Generation Time: ~10 seconds

Use Case:

# Quick smoke test
python generate_large_files.py  # Select 0
dv-upload data/ --recurse --verify

Option 1: Small Files (1-10 MB, ~30 MB total)

Purpose: Quick tests, development iteration.

Files Generated:

  • small_data.csv - 50,000 rows → ~10 MB
  • small_logs.json - 10,000 records → ~5 MB
  • small_document.txt - 5 MB
  • small_binary.bin - 3 MB
  • small_server.log - 100,000 lines → ~8 MB

Generation Time: ~30 seconds

Use Cases:

  • Feature development
  • Quick testing cycles
  • CI/CD pipeline tests
  • Basic functionality verification

Option 2: Medium Files (10-100 MB, ~250 MB total)
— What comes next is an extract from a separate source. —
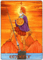 Sagittarius's willingness to communicate is curbed by Saturn, whose rigidness evokes anxiety. Anxiety with respect to one's own strength, vitality. And life force arise out of fear of rejection, disapproval, and punishment. If these vital energies are suppressed, however, they are transformed into fury, anger, and violence. Should this aggression not be outwardly ventilated, it then turns inward and finds expression in self-accusations, depression, even illness. This card calls on you to recognize and put an end to the repression of vita impulses. This is a step forward taking responsibility for yourself, towards freeing you from unjustified moral limits.

Purpose: Standard testing, realistic file sizes.

Files Generated:

  • medium_data.csv - 500,000 rows → ~50 MB
  • medium_logs.json - 100,000 records → ~40 MB
  • medium_document.txt - 50 MB
  • medium_binary.bin - 30 MB
  • medium_server.log - 1,000,000 lines → ~75 MB

Generation Time: ~3-5 minutes

Use Cases:

  • Standard testing
  • Performance benchmarking
  • Chunked upload verification
  • Direct vs traditional upload comparison

Option 3: Large Files (100-500 MB, ~1 GB total)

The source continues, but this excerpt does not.